=== TASK TO CARRY OUT ===
From the line that holds "参加本次统一公开招聘的单位为" to the end of the records, reproduce every line exactly. No pictures.

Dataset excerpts
=== Section Start ===
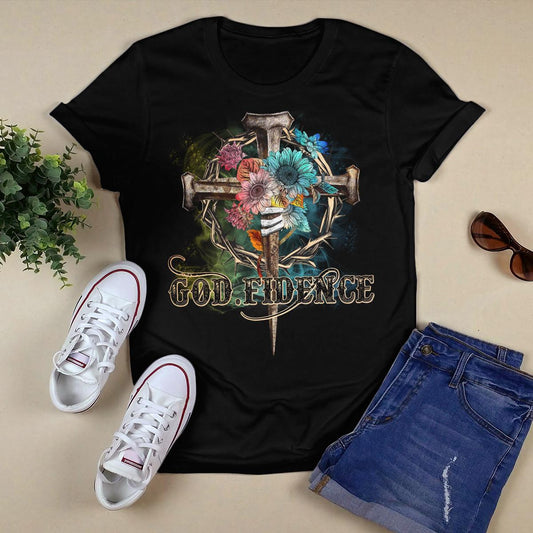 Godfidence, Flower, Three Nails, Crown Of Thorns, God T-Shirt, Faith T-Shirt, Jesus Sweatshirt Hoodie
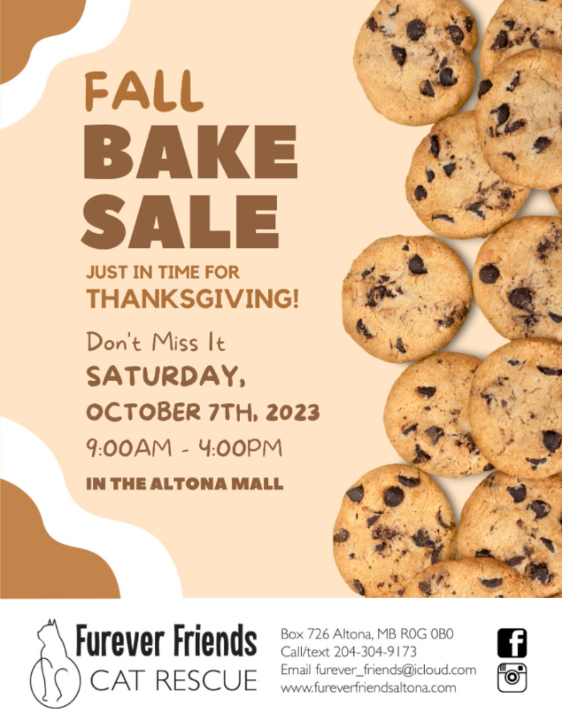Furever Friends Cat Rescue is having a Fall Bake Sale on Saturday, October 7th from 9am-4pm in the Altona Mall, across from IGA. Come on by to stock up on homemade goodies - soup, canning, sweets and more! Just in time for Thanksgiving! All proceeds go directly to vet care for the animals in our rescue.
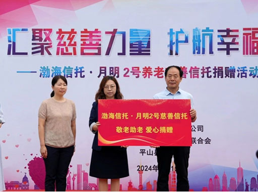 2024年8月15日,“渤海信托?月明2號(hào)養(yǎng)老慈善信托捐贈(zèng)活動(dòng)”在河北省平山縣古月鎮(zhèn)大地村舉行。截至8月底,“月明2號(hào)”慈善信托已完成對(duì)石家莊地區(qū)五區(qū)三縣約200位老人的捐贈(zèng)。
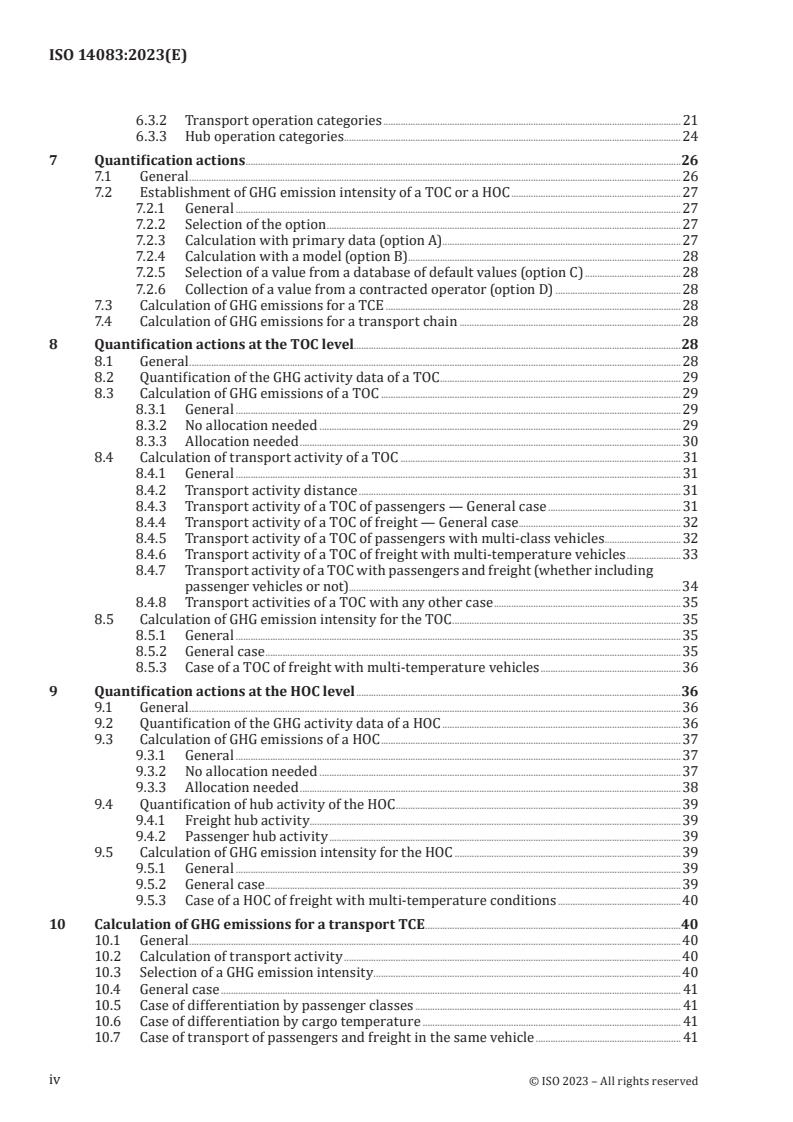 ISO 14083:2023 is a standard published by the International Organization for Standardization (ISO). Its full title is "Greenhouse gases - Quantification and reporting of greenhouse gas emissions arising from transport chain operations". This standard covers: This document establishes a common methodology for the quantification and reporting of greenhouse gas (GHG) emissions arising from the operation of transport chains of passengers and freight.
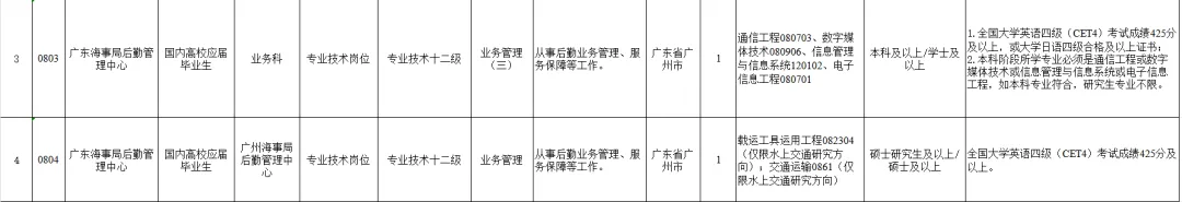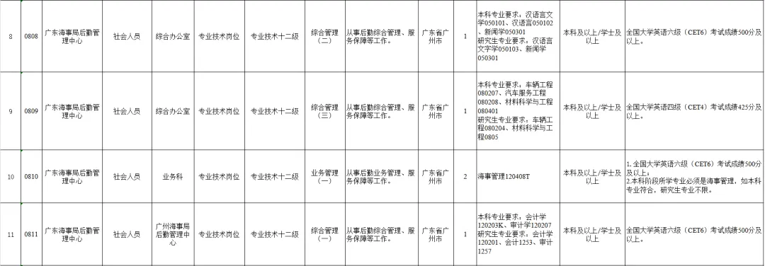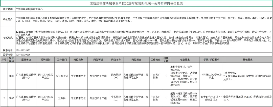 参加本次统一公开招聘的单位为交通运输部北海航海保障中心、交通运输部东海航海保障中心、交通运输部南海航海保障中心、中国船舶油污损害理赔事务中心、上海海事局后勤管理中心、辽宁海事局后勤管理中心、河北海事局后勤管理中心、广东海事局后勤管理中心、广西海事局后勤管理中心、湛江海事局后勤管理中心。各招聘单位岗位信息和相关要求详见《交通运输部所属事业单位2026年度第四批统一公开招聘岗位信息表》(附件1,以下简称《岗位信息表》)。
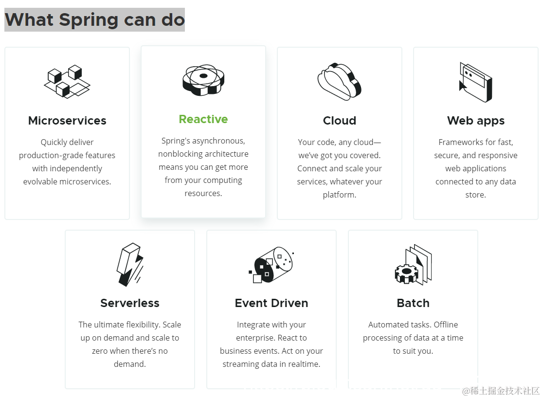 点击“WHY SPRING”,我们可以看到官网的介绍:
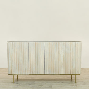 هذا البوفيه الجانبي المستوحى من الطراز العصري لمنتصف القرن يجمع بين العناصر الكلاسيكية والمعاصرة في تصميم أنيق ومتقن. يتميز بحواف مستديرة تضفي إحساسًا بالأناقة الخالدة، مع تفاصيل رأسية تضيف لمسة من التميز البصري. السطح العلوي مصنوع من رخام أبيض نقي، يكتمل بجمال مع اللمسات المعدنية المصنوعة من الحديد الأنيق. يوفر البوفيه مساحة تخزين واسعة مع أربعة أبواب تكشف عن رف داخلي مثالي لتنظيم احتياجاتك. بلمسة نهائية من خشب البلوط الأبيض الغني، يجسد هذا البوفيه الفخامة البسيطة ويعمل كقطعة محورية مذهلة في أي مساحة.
=== Section End ===
=== EXPECTED OUTPUT ===
 参加本次统一公开招聘的单位为交通运输部北海航海保障中心、交通运输部东海航海保障中心、交通运输部南海航海保障中心、中国船舶油污损害理赔事务中心、上海海事局后勤管理中心、辽宁海事局后勤管理中心、河北海事局后勤管理中心、广东海事局后勤管理中心、广西海事局后勤管理中心、湛江海事局后勤管理中心。各招聘单位岗位信息和相关要求详见《交通运输部所属事业单位2026年度第四批统一公开招聘岗位信息表》(附件1,以下简称《岗位信息表》)。
 点击“WHY SPRING”,我们可以看到官网的介绍:
 هذا البوفيه الجانبي المستوحى من الطراز العصري لمنتصف القرن يجمع بين العناصر الكلاسيكية والمعاصرة في تصميم أنيق ومتقن. يتميز بحواف مستديرة تضفي إحساسًا بالأناقة الخالدة، مع تفاصيل رأسية تضيف لمسة من التميز البصري. السطح العلوي مصنوع من رخام أبيض نقي، يكتمل بجمال مع اللمسات المعدنية المصنوعة من الحديد الأنيق. يوفر البوفيه مساحة تخزين واسعة مع أربعة أبواب تكشف عن رف داخلي مثالي لتنظيم احتياجاتك. بلمسة نهائية من خشب البلوط الأبيض الغني، يجسد هذا البوفيه الفخامة البسيطة ويعمل كقطعة محورية مذهلة في أي مساحة.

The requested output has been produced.